*** The data ***

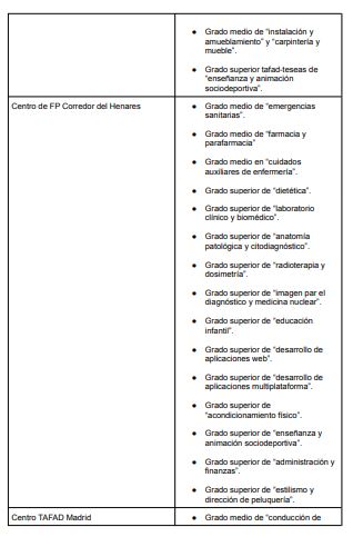 La Comunidad de Madrid ya ha abierto el plazo de solicitud de plaza para las titulaciones de Formación Profesional de cara el próximo curso escolar 2021-2022. En Torrejón de Ardoz, los estudiantes pueden optar a más de 30 modalidades diferentes en seis centros educativos: IES Las Veredillas, IES Isaac Peral, IES Valle-Inclán, IES León Felipe, Centro de Formación Profesional Corredor del Henares y Centro TAFAD Madrid.
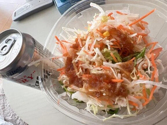 起きてから🍺🤗にパリパリ麺サラダ(これハマってます)![]()
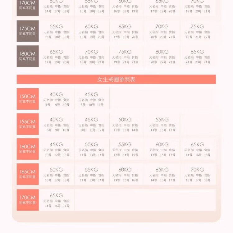 China (cm) 160-165/84-86 165-170 / 88-90 167-172 / 92-96 168-173 / 98-102 170-176 / 106-110
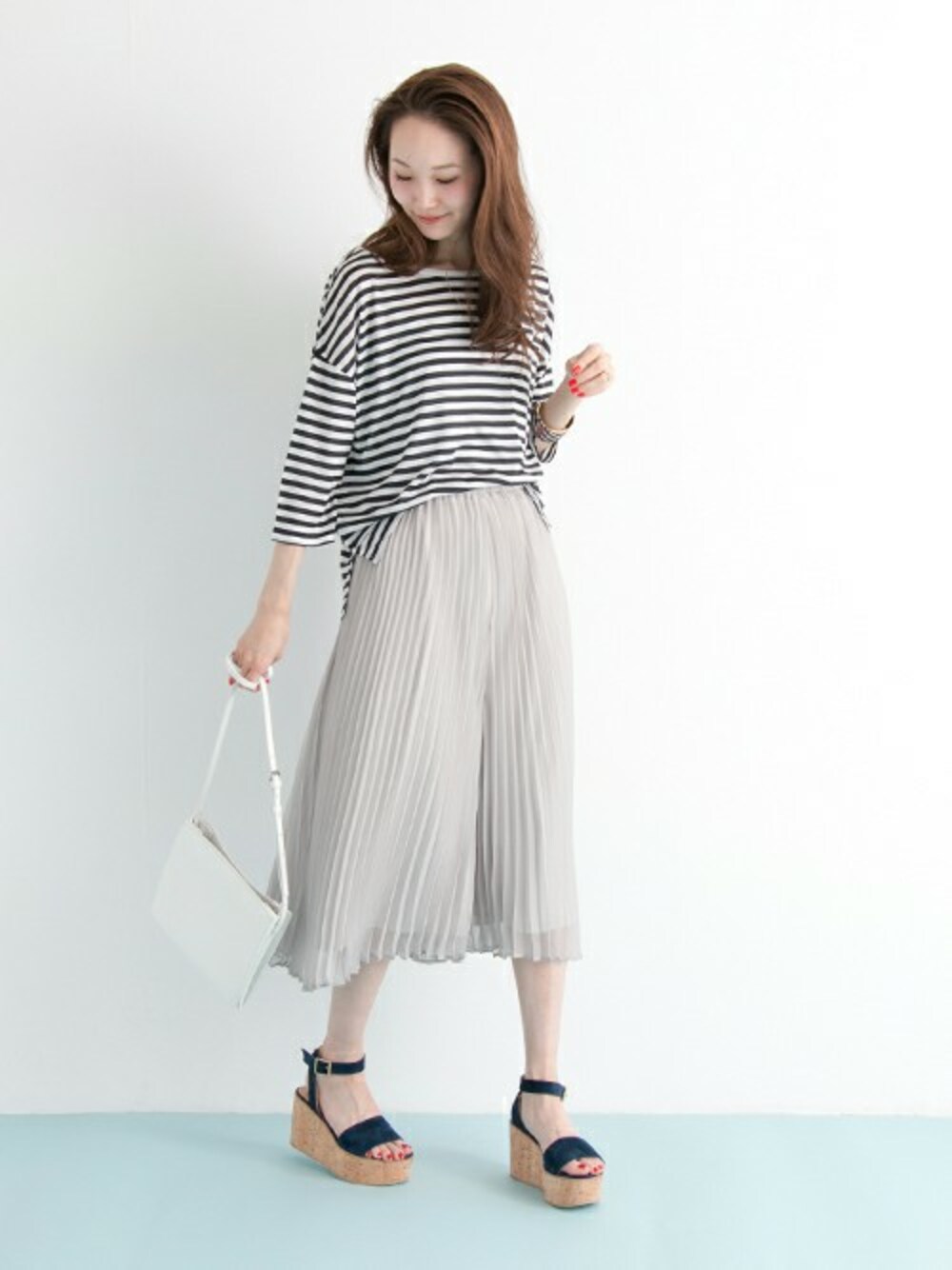 ゆったりシルエットのトップスを、人気のスカーチョでラフに合わせたスタイリング。 夏らしい涼しい着こなしで、カラーもネイビー×グレートーンで爽やかにまとめました。 mio Instagram →M_OOO mio blog→http://ur-blog.jp/ur/?sid=mio
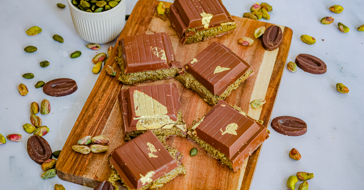 Es imposible pasar por alto la tendencia de las redes sociales: ¡la barra de chocolate Dubái! Esta versión ultra deliciosa y de gran tamaño combina chocolate suave, cremoso praliné de pistacho y crujientes trozos kataifi. Una irresistible receta de chocolate, perfecta para compartir (¡o no!) con los verdaderos amantes del chocolate. ¿Te animas a darte un capricho? Descubre nuestra forma casera de preparar una barra de chocolate Dubái y déjate tentar por la explosión de sabores.
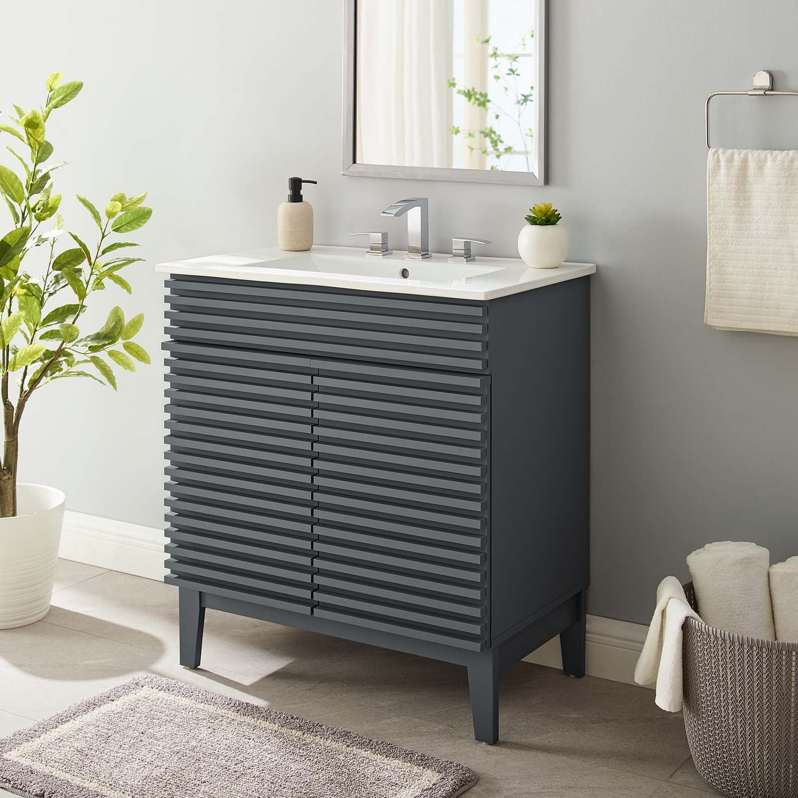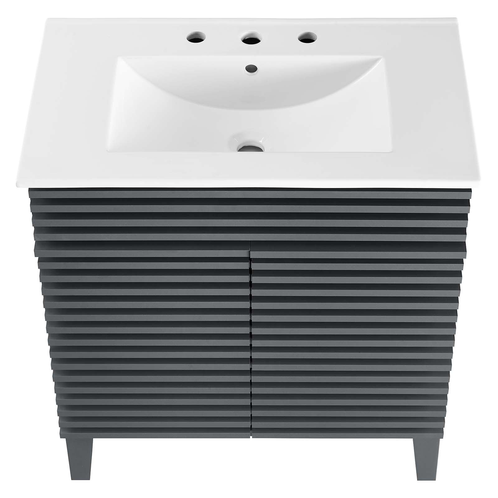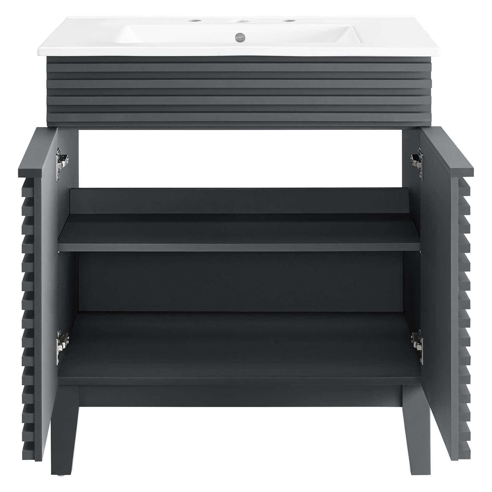 Render 30″ Bathroom Vanity Cabinet-EEI-5422-CHA-WHI Tap into mid-century aesthetics with the Render Vanity. Render Bathroom Vanity features a durable particleboard frame with smooth laminate, four tapered wood legs, and adjustable storage shelf behind two soft-close hinged doors. A curved ceramic basin and integrated countertop with three faucet holes create sleek lines and crisp design for an edgy style designed to meet your needs. Boasting a mid-century modern style this vanity features a solid construction with a pleasing look and practical functionality. 8″ centerset faucet holes. Assembly required and fixtures not included.Set Includes:One – 30″ Ceramic Basin TopOne – 30″ Vanity cabinet
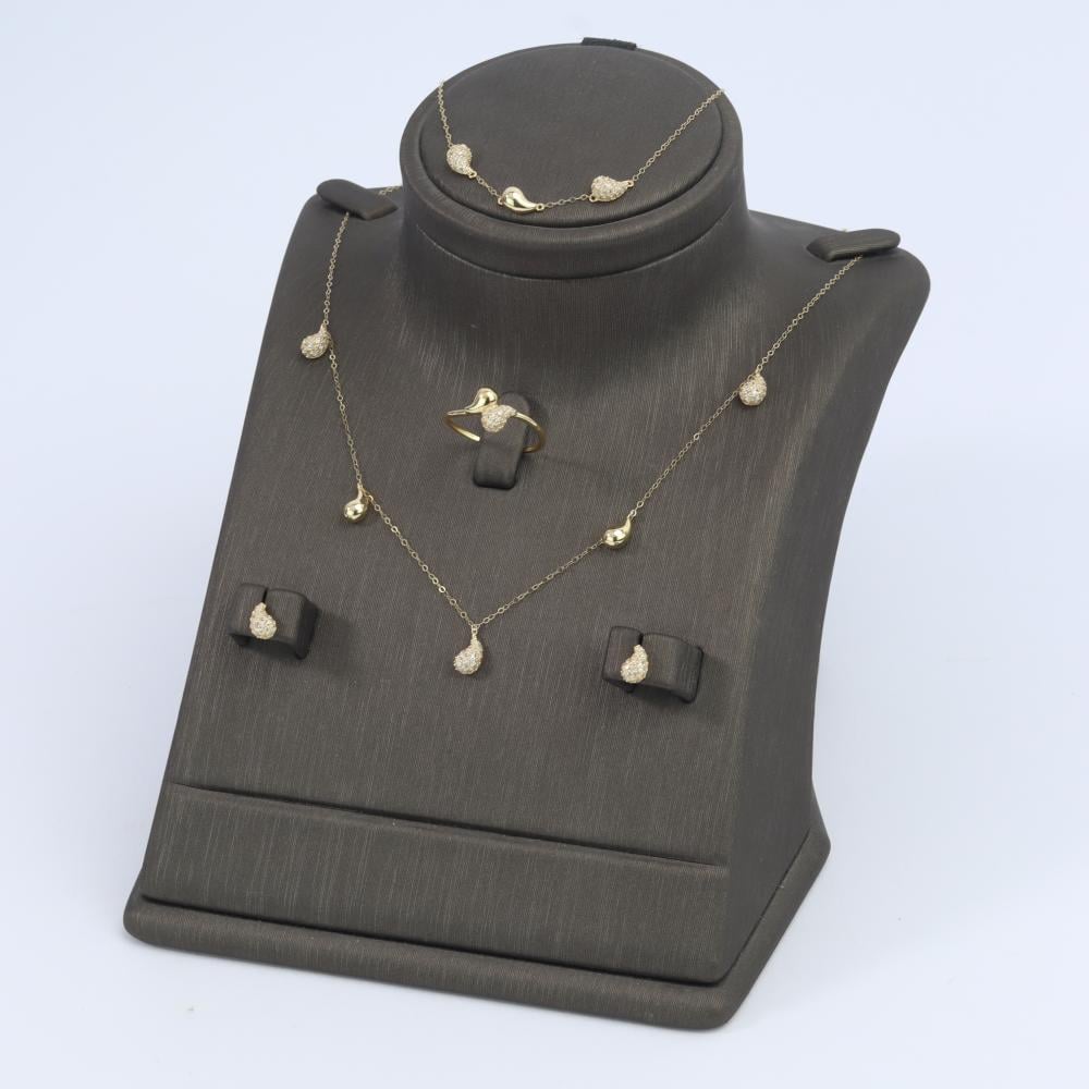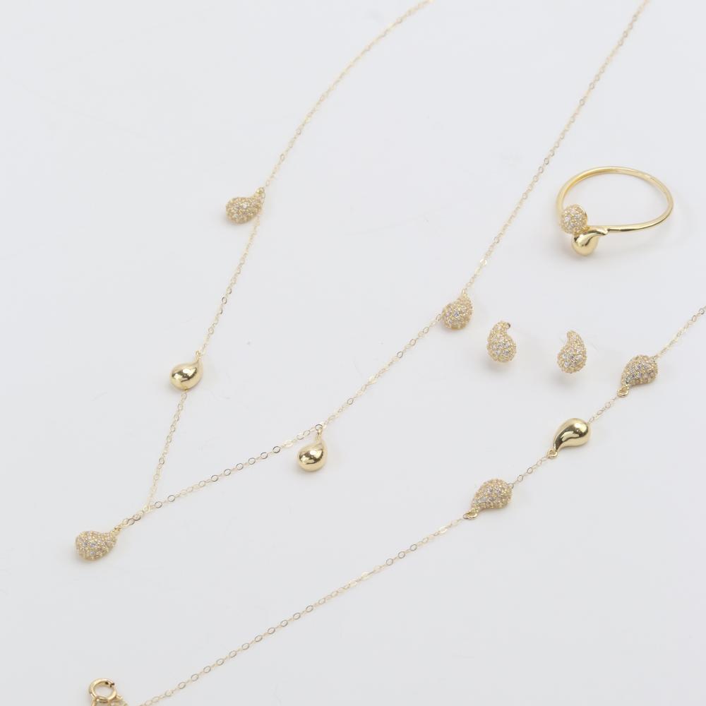 طقم ذهب عيار 18 بتصميم دقيق وأنيق يعبّر عن الفخامة والبساطة في آن واحد لإضافة لمسة من التميز والأنوثة على إطلالتك.

***

◆ The problem ◆
Nothing but the lines from the first line of the listing above to the line containing "Es imposible pasar" should appear in the answer, each one exact and with no pictures.

◆ Answer to this task ◆
 La Comunidad de Madrid ya ha abierto el plazo de solicitud de plaza para las titulaciones de Formación Profesional de cara el próximo curso escolar 2021-2022. En Torrejón de Ardoz, los estudiantes pueden optar a más de 30 modalidades diferentes en seis centros educativos: IES Las Veredillas, IES Isaac Peral, IES Valle-Inclán, IES León Felipe, Centro de Formación Profesional Corredor del Henares y Centro TAFAD Madrid.
 起きてから🍺🤗にパリパリ麺サラダ(これハマってます)![]()
 China (cm) 160-165/84-86 165-170 / 88-90 167-172 / 92-96 168-173 / 98-102 170-176 / 106-110
 ゆったりシルエットのトップスを、人気のスカーチョでラフに合わせたスタイリング。 夏らしい涼しい着こなしで、カラーもネイビー×グレートーンで爽やかにまとめました。 mio Instagram →M_OOO mio blog→http://ur-blog.jp/ur/?sid=mio
 Es imposible pasar por alto la tendencia de las redes sociales: ¡la barra de chocolate Dubái! Esta versión ultra deliciosa y de gran tamaño combina chocolate suave, cremoso praliné de pistacho y crujientes trozos kataifi. Una irresistible receta de chocolate, perfecta para compartir (¡o no!) con los verdaderos amantes del chocolate. ¿Te animas a darte un capricho? Descubre nuestra forma casera de preparar una barra de chocolate Dubái y déjate tentar por la explosión de sabores.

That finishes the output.